Dataset entries:

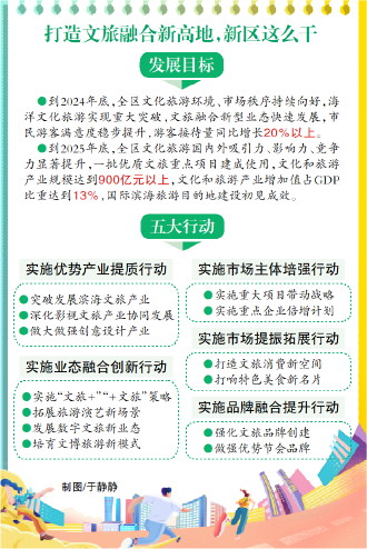 在發(fā)展目標(biāo)方面,《方案》明確提出,到2024年底,全區(qū)文化旅游環(huán)境、市場(chǎng)秩序持續(xù)向好,海洋文化旅游實(shí)現(xiàn)重大突破,文旅融合新型業(yè)態(tài)快速發(fā)展,市民游客滿意度穩(wěn)步提升,游客接待量同比增長(zhǎng)20%以上。到2025年底,全區(qū)文化旅游國(guó)內(nèi)外吸引力、影響力、競(jìng)爭(zhēng)力顯著提升,一批優(yōu)質(zhì)文旅重點(diǎn)項(xiàng)目建成使用,文化和旅游產(chǎn)業(yè)規(guī)模達(dá)到900億元以上,文化和旅游產(chǎn)業(yè)增加值占GDP比重達(dá)到13%,國(guó)際濱海旅游目的地建設(shè)初見成效。
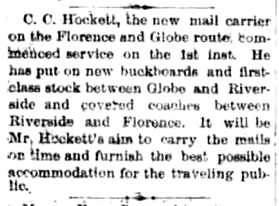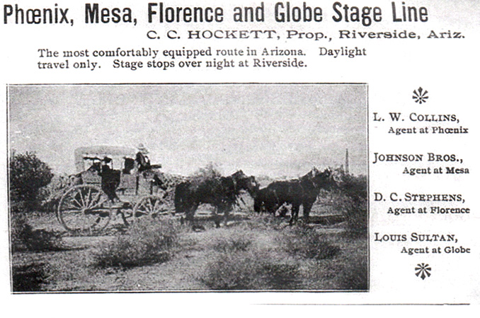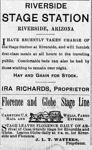 In 1890, a notice in The Arizona Republican identified the Riverside station as a full-service operation. The scheduling of stages between Florence and Globe had improved from a few times a week to daily service.
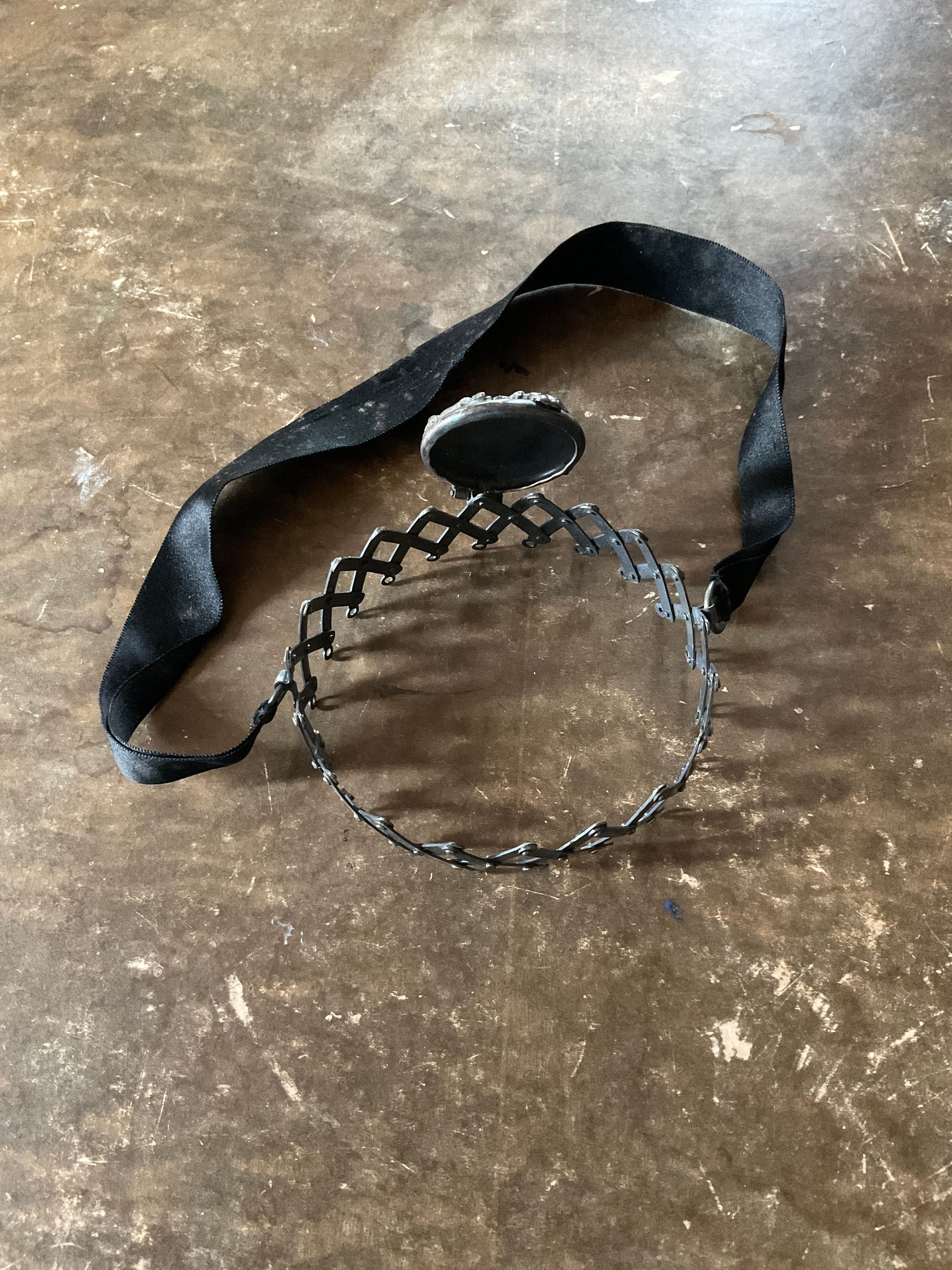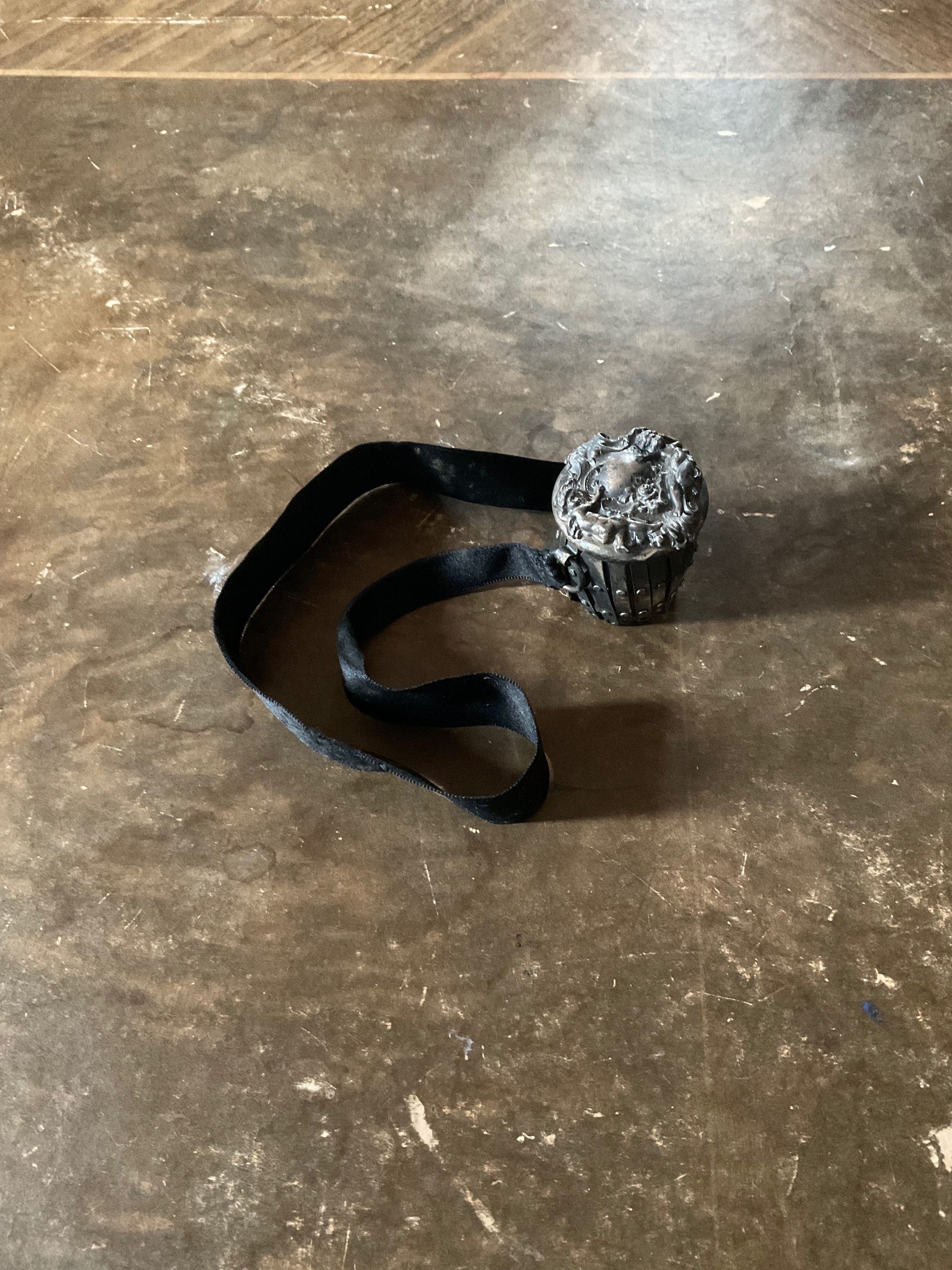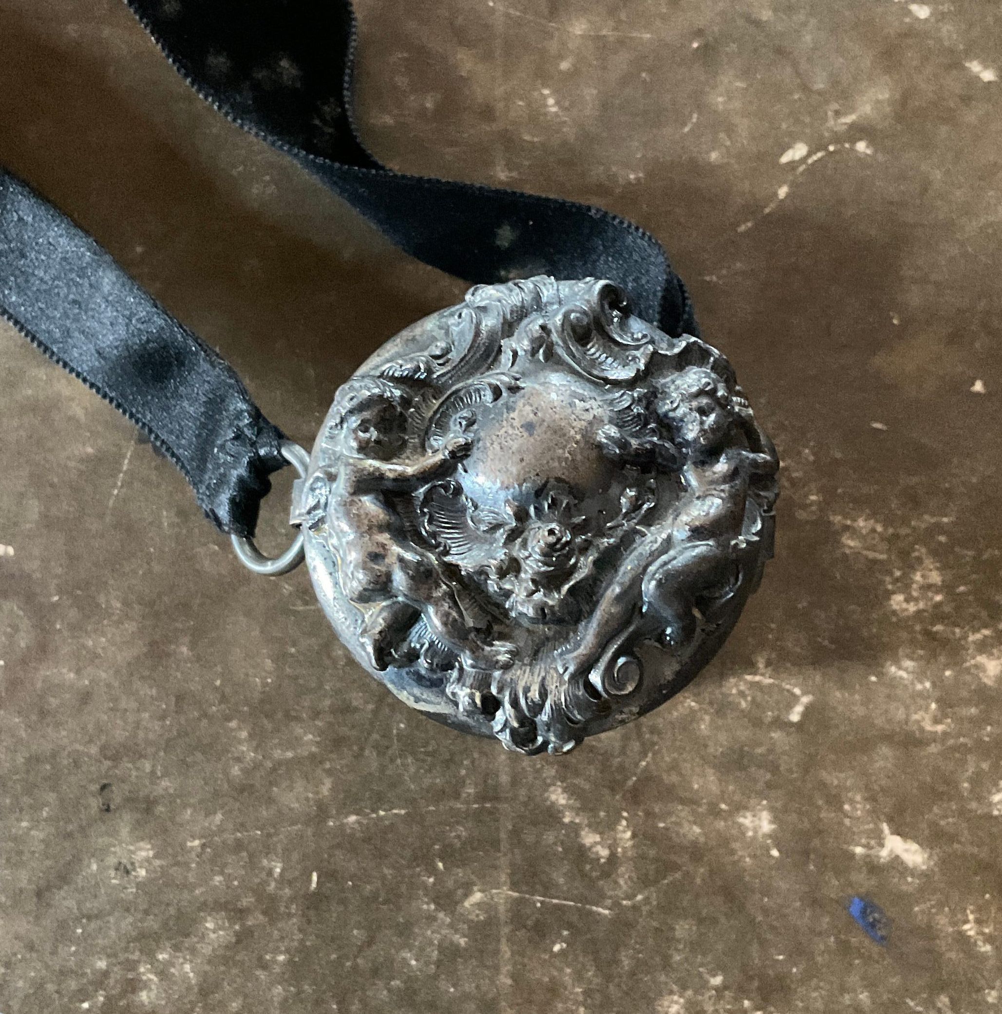 Metal hardware that opens and stretches out. The top lid has cherubs on it as well as some flowers and wind like imagery. When you open the lid you can stretch out the sides, making a larger circular opening. There is a ribbon attached to the sides which acts like a handle.Collection
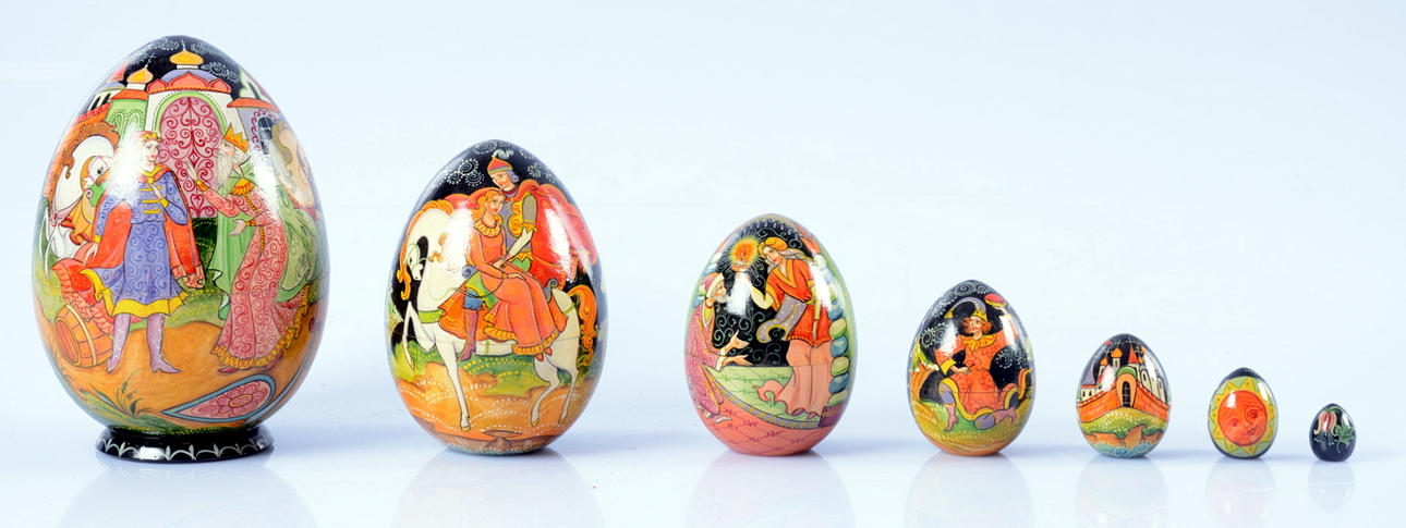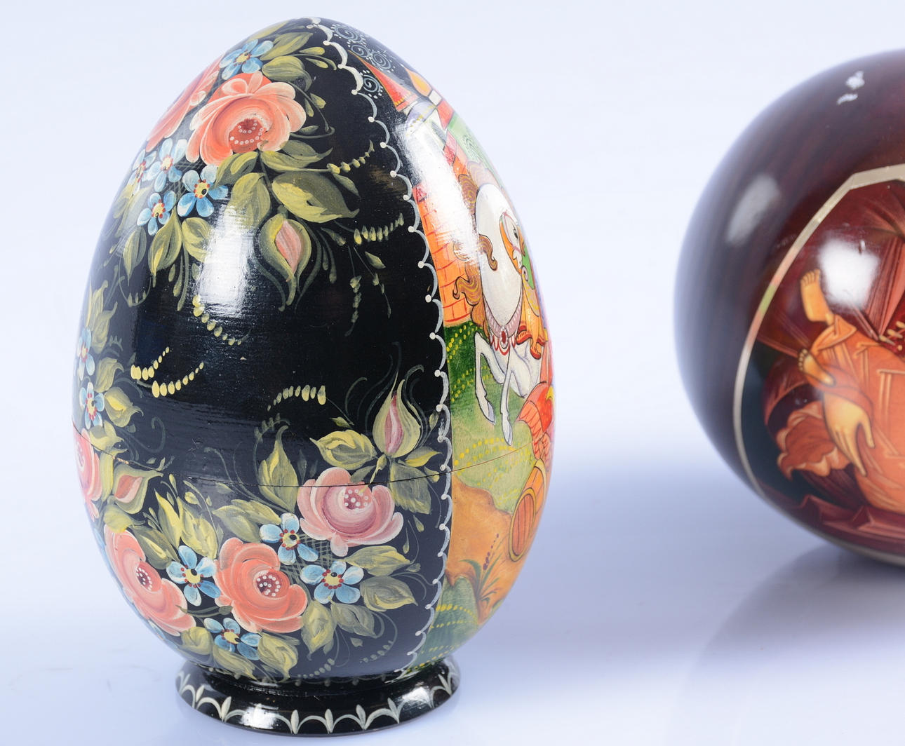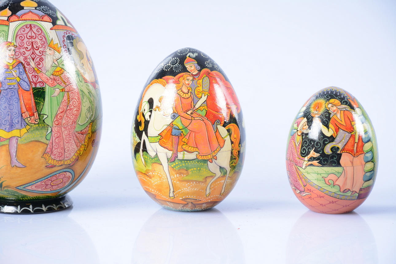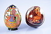 Höjd 12 cm samt 15 cm. Det större ägget delbart med småägg inuti.
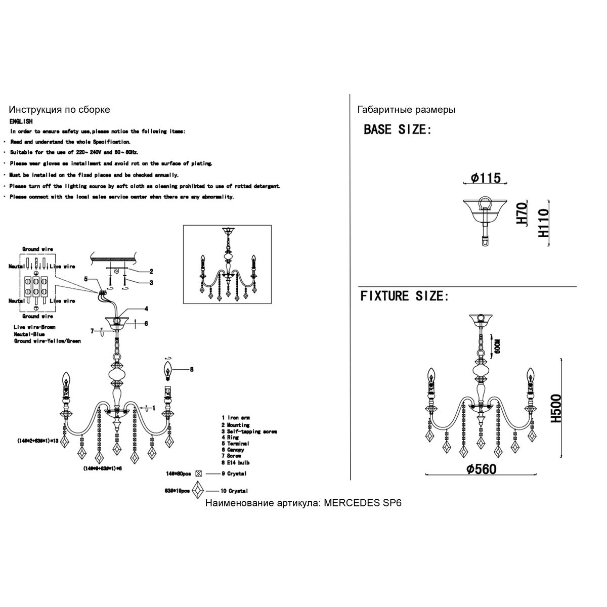 Подвесная люстра Crystal Lux MERCEDES SP6 CHROME/SMOKE
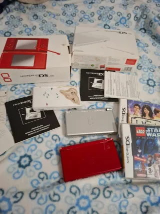 OJO LEER BIEN lote de 3 Consola ROTAS, DAÑAS. Nintendo DS Lite en colores rojo, plateado y blanco Incluye manuales y juegos. Se venden para repuestos o alguien que quiera repararlas, a la blanca le falta la batería, las otras dos si incluyen. No incluyen lápiz La roja y la gris tienen caja original en mal estado con manuales Incluye dos juegos completos con manual perfectamente funcionales. - Consola Nintendo DS Lite roja. - Consola Nintendo DS Lite plateada. - Juego LEGO Star Wars: La Trilogía Completa. - Manuales de instrucciones.
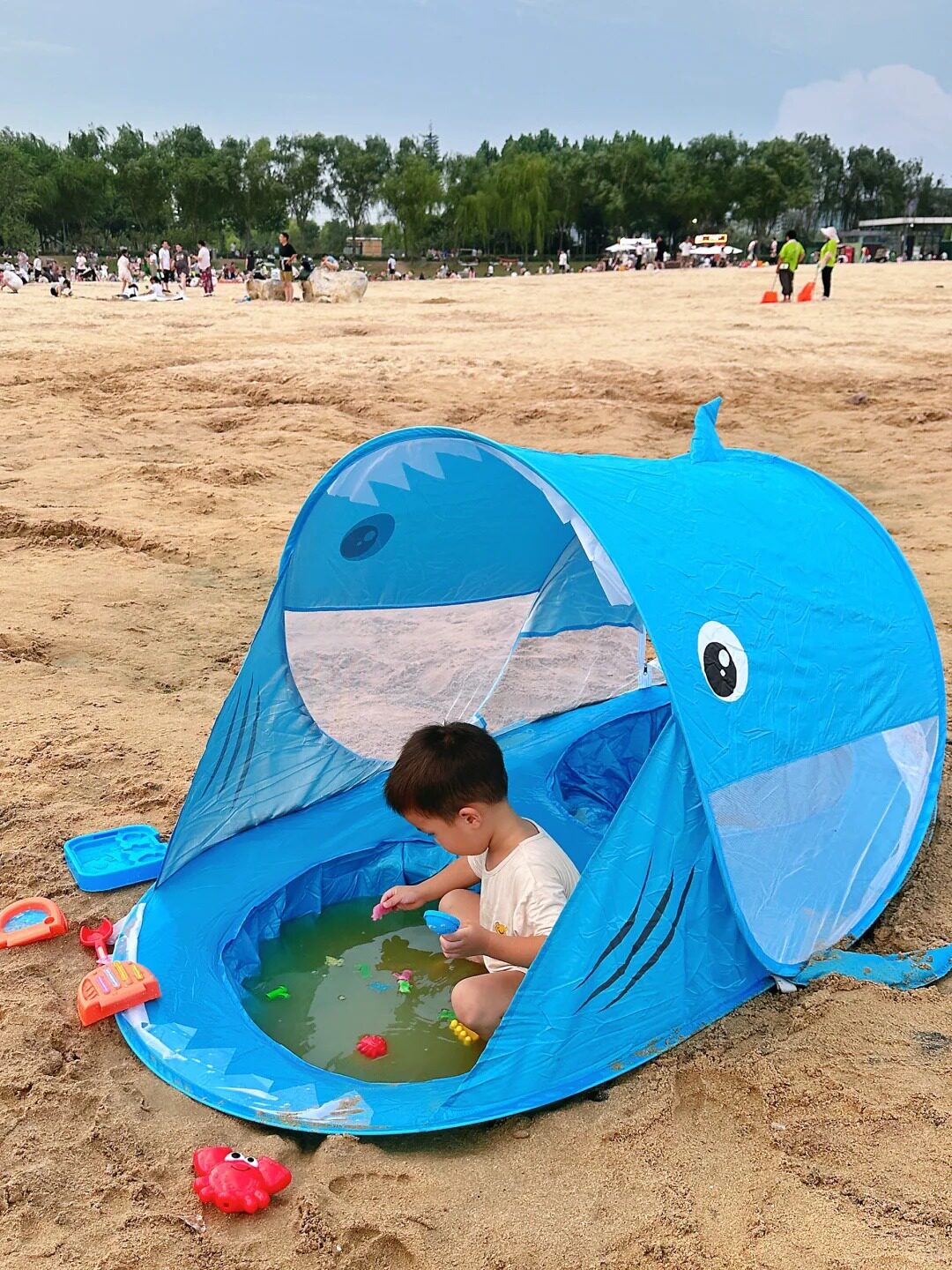 兒童沙灘帳篷戶外可折曡可攜式防曬遮陽棚寶寶玩水帳篷海邊沙灘帳

• [Exercise objective]:
With the pictures left out, transcribe exactly the lines from the line holding "Подвесная люстра Crystal" through the closing line of the entries.

• [Completed exercise]:
 Подвесная люстра Crystal Lux MERCEDES SP6 CHROME/SMOKE
 OJO LEER BIEN lote de 3 Consola ROTAS, DAÑAS. Nintendo DS Lite en colores rojo, plateado y blanco Incluye manuales y juegos. Se venden para repuestos o alguien que quiera repararlas, a la blanca le falta la batería, las otras dos si incluyen. No incluyen lápiz La roja y la gris tienen caja original en mal estado con manuales Incluye dos juegos completos con manual perfectamente funcionales. - Consola Nintendo DS Lite roja. - Consola Nintendo DS Lite plateada. - Juego LEGO Star Wars: La Trilogía Completa. - Manuales de instrucciones.
 兒童沙灘帳篷戶外可折曡可攜式防曬遮陽棚寶寶玩水帳篷海邊沙灘帳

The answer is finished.